Я и так, впрочем, достаточно спокоен.

– Все это время стоял под дверью, – говорит она даже громче обычного, и я понимаю, о ком она. – Если б он только знал, как я его ненавижу!

– Не бойся, мы не откроем, – говорю я осторожно.

– Нет-нет, надо открыть.

– Хочешь, я выйду один и поговорю с ним?

– Не надо, – говорит она, будто с удивлением рассматривая что-то на потолке.

Снова раздается двойной звонок.

– Тогда открой, – говорю я. – Только спокойней.

– Спокойствие, только спокойствие, – говорит она, усмехнувшись, и выпрямляется.

Потом не глядя проводит рукой по груди и аккуратно застегивается.

Так тебе, скотина, первый любовник, думаю я, оставшись один. Так тебе и надо, скотина. Получи свое. Получите и распишитесь.



Вот он стоит передо мной – низкорослый и большеголовый, с окончательно повзрослевшим лицом, развившимся совсем не так, как хотелось бы, с налетом чванливой силы, ничем, впрочем, не подкрепленной, кроме выпуклой груди и статичной солидности, и то сомнительной – скорее всего, просто от полноты коротких ног. Вот он смотрит на меня пристально и, как ему кажется, уверенно, он думает, что имеет полное право так смотреть на меня – будто свысока, прямо в глаза, ну прям Железный Феликс, да и только, и как бы даже насмешливо – ты еще крепкий старик, Розенбом! – придавая этому слишком большое значение и вкладывая в это слишком большой смысл. Я уже вижу, как привык он к галстукам и неторопливым движениям, как удобно ему говорить сдержанно-бархатистым баритоном, взвешивая каждое слово и вполне отдавая себе отчет. Он так и излучает этакую упругую полнокровную надежность (о, голубая мечта золотушных соломенных вдов!), вполне законную надежность, к которой и придраться-то невозможно, если только вовремя не прибегнуть к мелкому злопыхательству или откровенной тупости типа «А х-хто ты такой?», он почти неуязвим в этой своей открытости, и лишь то, как неумело крепко сжимает он в руке револьвер, придает его позе, всей его фигуре нечто комическое; но, даже посмеиваясь над его не очень искренней (или не очень уместной) статуарностью в этой дурацкой ситуации, ты не можешь не признать, как он по-своему красив и закончен, как правилен он в своем спокойном гневе.

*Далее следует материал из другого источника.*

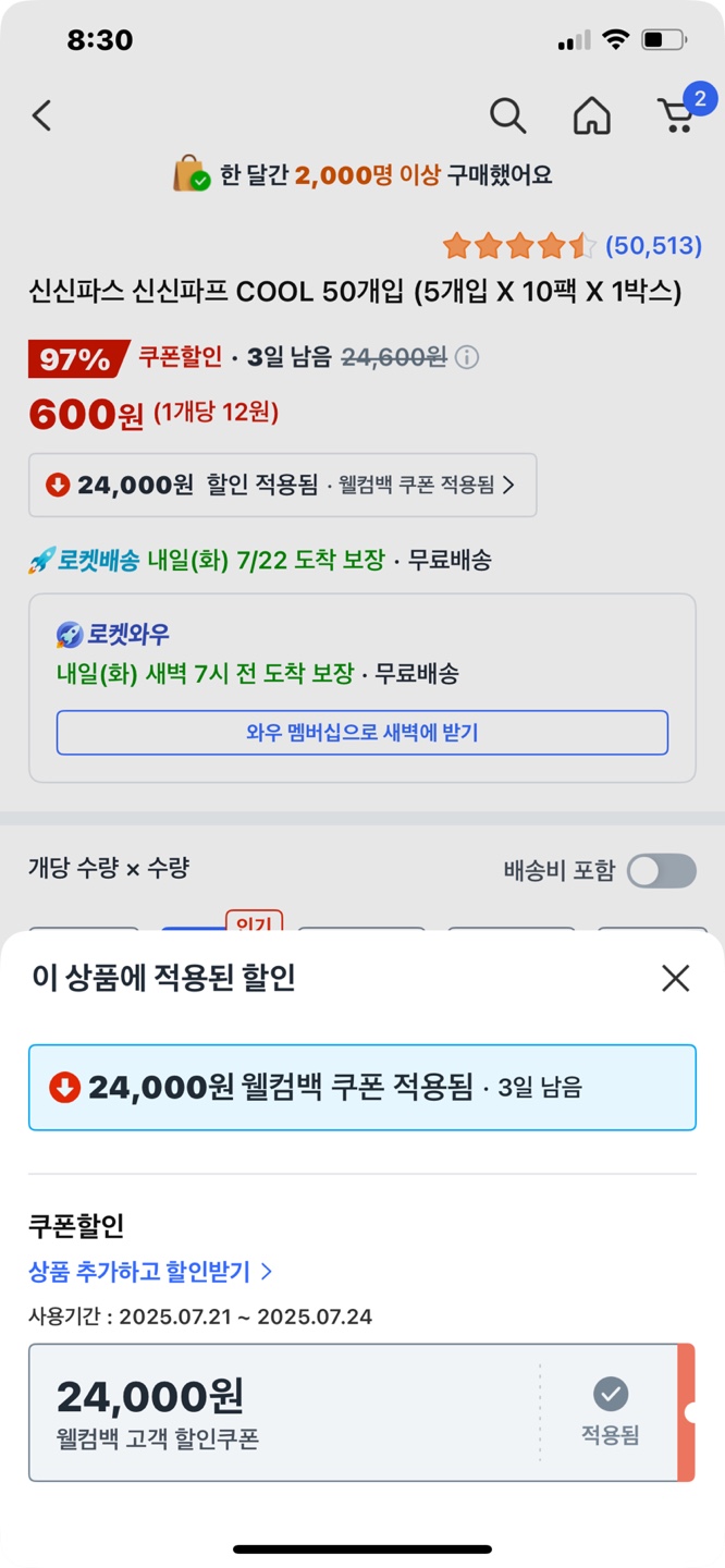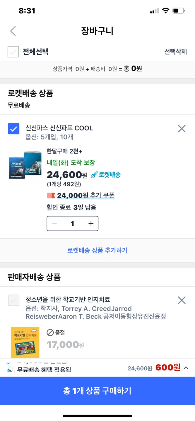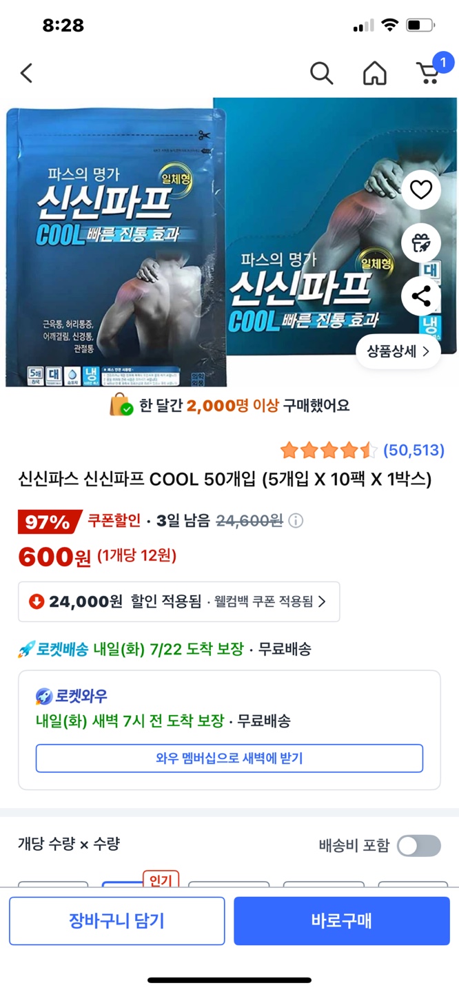 위 사진에서 보시다시피... 저는 24,000원짜리 웰컴백 쿠폰을 받고, 아래의 24,600원짜리 파스를 600원에 구입을 했습니다~
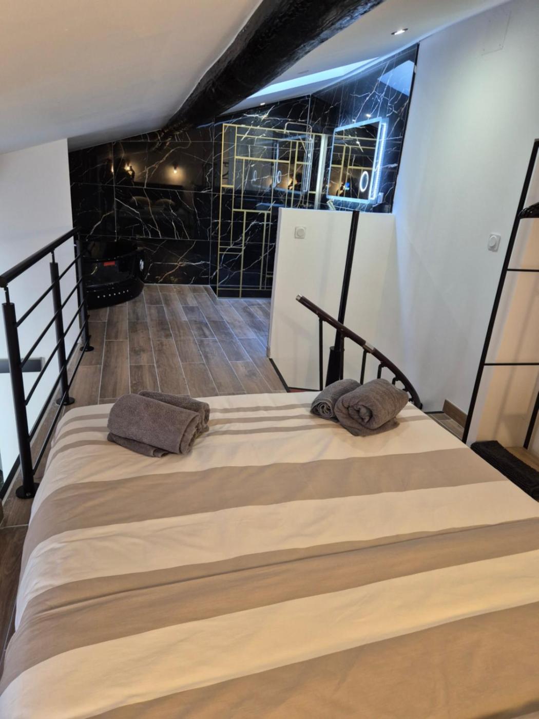 Appartement 1 Chambre. This apartment features a hot tub and a spa bath. The well-equipped kitchen features a stovetop, a refrigerator, kitchenware and an oven. This apartment is air-conditioned and has a seating area with a flat-screen TV, a washing machine, a private entrance, soundproof walls, as well as a coffee machine. The unit has 1 bed.

Ты тоже невольно играешь роль, но у тебя роль другая – полуповесы-полуюродивого и, что особенно облегчает твою задачу, с искренне смешливым раскаяньем в глазах.

– Может, ну их – эти хлопушки? – спрашиваешь ты, взмахом указывая на свой видавший виды парабеллум и по-прежнему выдерживая его взгляд. – Неужели нельзя было выбрать что-нибудь менее варварское – шпаги хотя бы?

– А какая разница? – говорит он, перекатнув желваки, с молодцеватой издевкой, и довольно неудачно, и сам понимает это, и сразу теряет половину своей фотогеничности.

Теперь он чувствует, что сбился, и взгляд его становится темней и напряженней, и, значит, я могу наконец сокрушенно опустить голову, и не смотреть почему-то непременно прямо ему в глаза, и пожать плечами, выказывая не то страх, не то оправдание: видит Бог, я этого не хотел. Я знаю, что именно этот жест окончательно раздразнит его и в конце концов выбьет из колеи.

– Так вы будете стреляться? – спрашивает он отрывисто. – Или снова попытаетесь увильнуть?

– Неужели все так серьезно? – говорю я, словно не расслышав его. – И ты не видишь другого пути как-то разобраться со всем этим? А наша дружба? Это как же: просто сделать во мне дырку – и весь сказ? Без сожаления, без раздумья? И потом ты спокойно сможешь заснуть?

– Хватит болтать! – бросает он нетерпеливо. – Мне больше не о чем с вами разговаривать!

– А зря, – настаиваю я. – Вдруг мы могли бы поладить и без этой дешевой героики. И одному из нас не пришлось бы становиться убийцей. Возможно, даже тебе. Ты подумал об этом? Или тебе непременно хочется выпустить из меня кишки? Понюхать, чем пахнет мой труп? Так ведь в тюрьму посадят, Славик, ей-богу. В лучшем случае. А вдруг я не промахнусь? Я не люблю промахиваться...

Я вижу, как мои слова западают ему в душу, где они теперь вместе со страхом будут ворочаться тошнотворным, обессиливающим, опускающимся книзу комком.

– Я не хочу тебя слушать, – мотает он своей большой головой. – Я чувствую, как ты меня подавляешь. Но в этот раз тебе, клянусь небом, не удастся свести все к шутовству. К барьеру! Я требую – к барьеру! – топает он ногой.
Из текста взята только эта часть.